Lieutenant-Governor of New South Wales
- In office 1 February 2012 – 5 December 2022
- Governor: Marie Bashir David Hurley Margaret Beazley
- Preceded by: James Spigelman
- Succeeded by: Andrew Bell

17th Chief Justice of New South Wales
- In office 1 June 2011 – 5 March 2022
- Nominated by: Barry O'Farrell
- Appointed by: Dame Marie Bashir
- Preceded by: James Spigelman
- Succeeded by: Andrew Bell

Personal details
- Born: 17 March 1948 (age 78) Richmond, England

= Tom Bathurst =

Australian judge

Thomas Frederick Bathurst (born 17 March 1948) is an England-born Australian jurist who served as Chief Justice of the Supreme Court of New South Wales from 1 June 2011 to 5 March 2022. He also served as Lieutenant-Governor of New South Wales from 1 February 2012 to 5 December 2022.

==Early years and education==

Thomas Frederick Bathurst was born on 17 March 1948 in Richmond, England. His parents were both Australian – his mother Joan Hartigan was a champion tennis player, while his father Hugh Moxon Bathurst was a public servant who was private secretary to Senator James Fraser when their engagement was announced. They married at St Mary's Cathedral, Sydney, in April 1947, before flying to Perth to board the Orion for England, where they planned to live for a few years while Joan resumed her tennis career.

In 1950, Bathurst returned to Sydney with his parents on the Strathmore, having spent the first few years of his life in Surrey. He was educated at Saint Ignatius' College, Riverview and in 1969 graduated from the University of Sydney with a Bachelor of Arts. Bathurst graduated in 1972 with a Bachelor of Laws from the Sydney Law School.

==Career==

Bathurst was admitted as a solicitor in New South Wales in 1972 and joined the Sydney city firm of E. J. (Ernest) Kirby & Co. where his mentor was Ann Plotke.
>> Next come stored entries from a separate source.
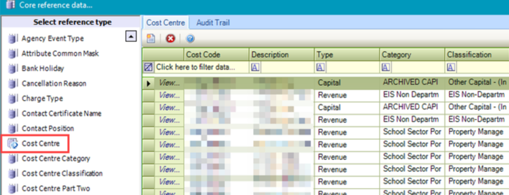 Classification | The cost centre classification. These are defined in the Cost Centre Classification reference data. |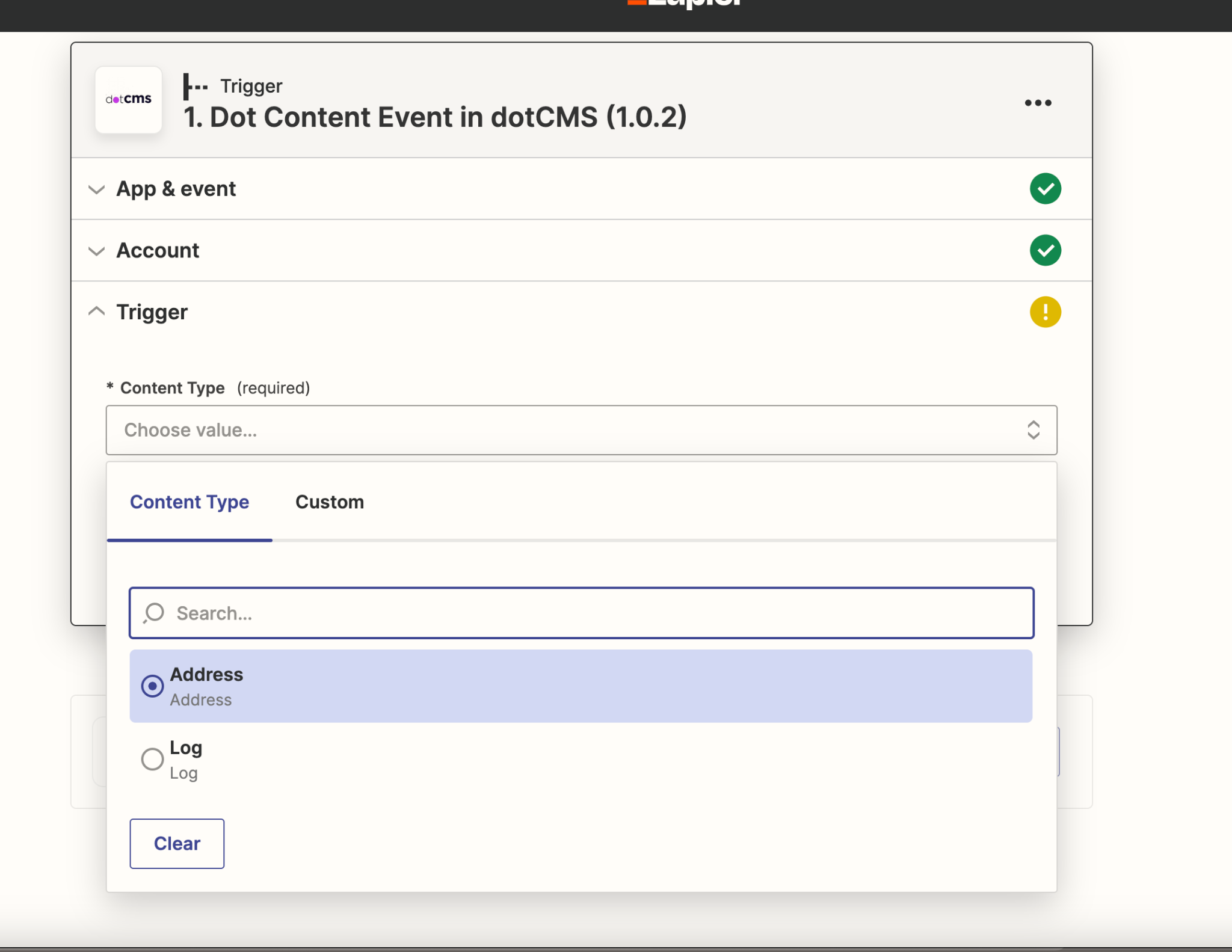 Next, you'll be prompted to set the event trigger that will determine when Zapier receives information from dotCMS. This means selecting the relevant Content Type. If everything was configured properly, only your two "dummy" content types should show up on the list.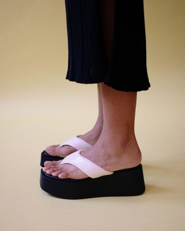 Experience the ultimate 90s revival with these stunning platform sandals! Expertly crafted from premium white vegan leather, these elevated flip-flops deliver both style and comfort with their impressive height. The V-shaped padded straps provide exceptional support while the lightweight foam outsoles make them surprisingly easy to wear all day. Perfect for creating that nostalgic summer look when paired with your favorite slip dress or casual weekend outfits.

In 1977, Bathurst was called to the New South Wales Bar; he was made Queen's Counsel in 1987. His primary areas of practice included appellate work in banking law, commercial law and equity. He was president of the Australian Bar Association from 2008 to 2009, and president of the NSW Bar Association from 2010–11.
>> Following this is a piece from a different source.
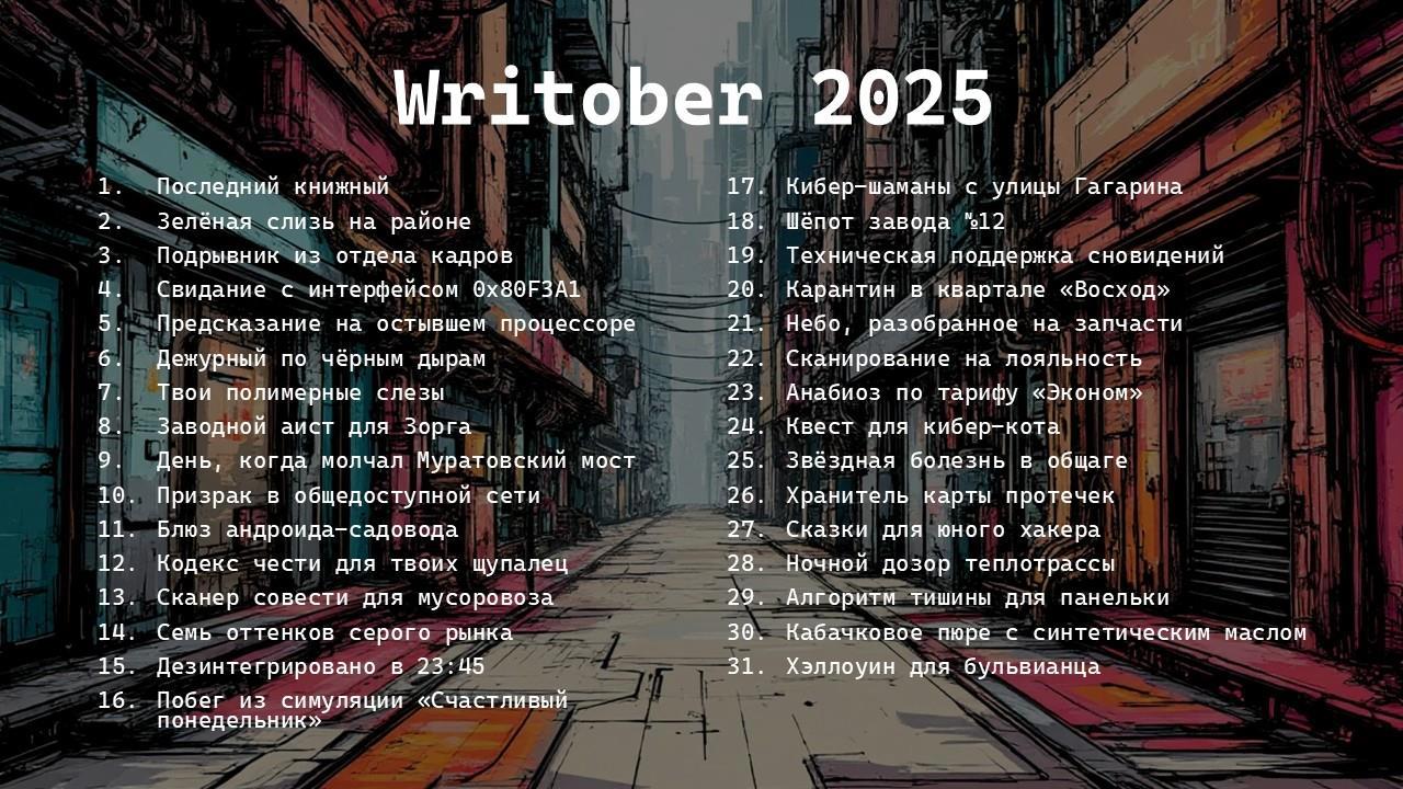 Автор: Мария ГарибальдиСегодняшним вечером, прямо накануне челленджа, я всё-таки решила добавить в свою жизнь приключений и вписалась в "Writober 2025". Буду целый месяц писать по рассказу в день.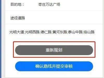 您需认真查看最上方地图显示路径规划是否为计划行驶道路(地图可拖拽)。如计划行使路线有差别,可点击最下方《重新规划》按钮,通过增加途经点的方式,微调行使路线。如下图:

===Notable cases as counsel===

Bathurst appeared for AWA in Daniels v Anderson (1995) 37 NSWLR 438, a leading Australian case on the duties of non-executive directors. He appeared for Dyson Heydon in Heydon v NRMA Ltd (2000) 51 NSWLR 1 in a successful appeal against a finding that Heydon was negligent in giving legal advice to the respondent company, an important case concerning a barrister's liability for professional advice. He appeared before the High Court of Australia in Peters (WA) Ltd v Petersville Ltd (2001) 205 CLR 126, a case which reviewed the scope of the common law doctrine of restraint of trade.

===Chief Justice===

On the recommendation of the NSW government, Governor Marie Bashir appointed Bathurst Chief Justice of the Supreme Court of New South Wales, effective 1 June 2011, and Lieutenant Governor of New South Wales from 1 February 2012. Tom Bathurst retired on 5 March 2022 and was succeeded by Andrew Bell.

==Personal life==

Bathurst is married to Robyn; the couple have two daughters.

==Honours==

In the 2014 Queen's Birthday Honours List, Bathurst was invested as a Companion of the Order of Australia (AC), for "eminent service to the judiciary and to the law, to the development of the legal profession, particularly through the implementation of uniform national rules of conduct, and to the community of New South Wales". Bathurst was elected Fellow of the Royal Society of New South Wales in 2018.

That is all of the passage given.